Corriere della Sera, 27 maggio 2018
Brasile paralizzato dai camion
Neppure l’intervento delle forze armate – spauracchio vero, in un Paese che ha vissuto una lunga dittatura militare – ha archiviato lo sciopero che da sei giorni paralizza il Brasile. Il governo di centrodestra guidato da Michel Temer non riesce a spegnere una crisi che potrebbe prolungarsi fino alle elezioni presidenziali del prossimo ottobre.
La protesta dei camionisti contro il rialzo del prezzo della benzina è ormai un’emergenza nazionale. I blocchi autostradali (oltre 500, secondo i dati ufficiali) hanno provocato scene degne di un Paese in guerra: pompe di benzina chiuse, ospedali senza medicine, supermercati con gli scaffali vuoti e molti aeroporti costretti a cancellare i voli per mancanza di carburante. I produttori di carne hanno avvertito che un miliardo di polli e due milioni di maiali rischiano di morire di fame. Brasilia e molte altre città hanno sospeso le lezioni nelle scuole. San Paolo è andata anche oltre: la metropoli che conta 12 milioni di abitanti e ha fama di essere la più ricca del gigante sudamericano, ha decretato lo stato d’emergenza e quindi la confisca della benzina.
Il presidente Temer le ha provate tutte: mercoledì ha convinto l’azienda petrolifera statale Petrobras – protagonista di molti scandali, assieme a gran parte della classe politica – a ridurre almeno del 20 per cento l’aumento della benzina. Una misura ritenuta insufficiente dai camionisti. Giovedì il governo ha quindi deciso di abbassare del 10% il prezzo del diesel, congelandolo per un mese e caricando la differenza sulle casse statali. Anche questo non ha però convinto l’ala dura dei sindacati. Così venerdì Temer – indice di popolarità inferiore al 5% – ha usato l’ultima carta a sua disposizione: i militari.
Il sindacato ha ordinato la «ritirata» degli autisti e le forze armate hanno iniziato a scortare i camion-cisterna fino alle raffinerie, in particolare verso quella di Duque de Caxias, fuori Rio de Janeiro. Ma sulle autostrade ieri rimanevano centinaia di blocchi; gli irriducibili si rifiutavano di gettare la spugna, nonostante la minaccia di multe pesantissime, soprattutto lungo le arterie che collegano San Paolo, Rio de Janeiro e Belo Horizonte, oltre alle strade di accesso ai porti.

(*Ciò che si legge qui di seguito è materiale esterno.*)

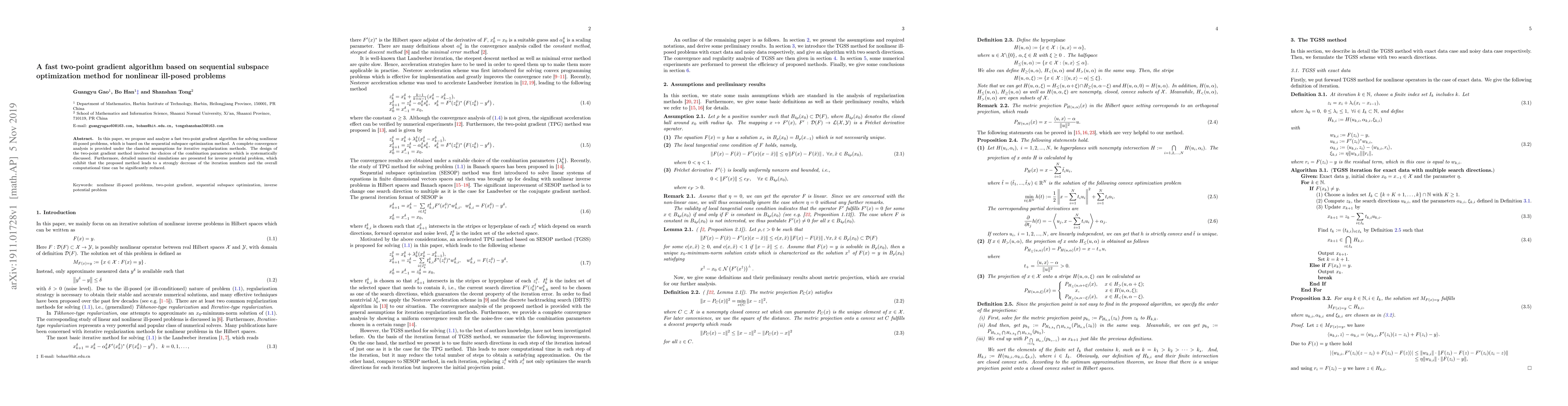 This paper introduces a fast two-point gradient algorithm based on sequential subspace optimization for solving nonlinear ill-posed problems, providing a convergence analysis and demonstrating its efficiency through numerical simulations for inverse potential problems, showing reduced iteration counts and computational time.

Comunque vada a finire, la crisi ha dimostrato che Temer non è più in grado di governare la principale azienda statale: una volta il presidente del Brasile poteva «gestire», artificialmente, il prezzo del combustibile; ma dopo l’impeachment della presidente Dilma Rousseff, il suo vice e sostituto Temer ha concesso a Petrobras di stabilire in modo autonomo le tasse sui combustibili. In due anni il prezzo della benzina è così quasi raddoppiato.
Venerdì il Fondo monetario internazionale ha confermato quanto sia «fragile» l’economia brasiliana che dopo gli anni del (presunto) boom che accompagnò il lancio delle Olimpiadi 2016 oggi convive con pesanti oscillazioni monetarie e lo spettro della recessione. Il rapporto del Fmi prevede una «crescita poco incoraggiante» senza una riforma del settore pubblico e bancario. E, in parte, dà ragione agli autisti, quando denuncia che il sistema tributario brasiliano (e il suo impatto sui prezzi) deve essere semplificato.
In Brasile cresce il malcontento. Disoccupazione e povertà sono in aumento, il Fondo monetario chiede una «leadership forte» ma finora non si vede all’orizzonte nessun candidato forte o carismatico per le presidenziali di ottobre. Fuorigioco l’ex presidente ed ex favorito Lula, in carcere con una condanna a 12 anni per corruzione, escluso Temer, che ha già annunciato di volersi fare da parte, difficilmente farà breccia nei cuori della popolazione il ministro dell’Economia, Henrique Meirelles. Un vuoto di potere pericoloso. Anche per questo gli osservatori considerano molto rischioso coinvolgere le forze armate.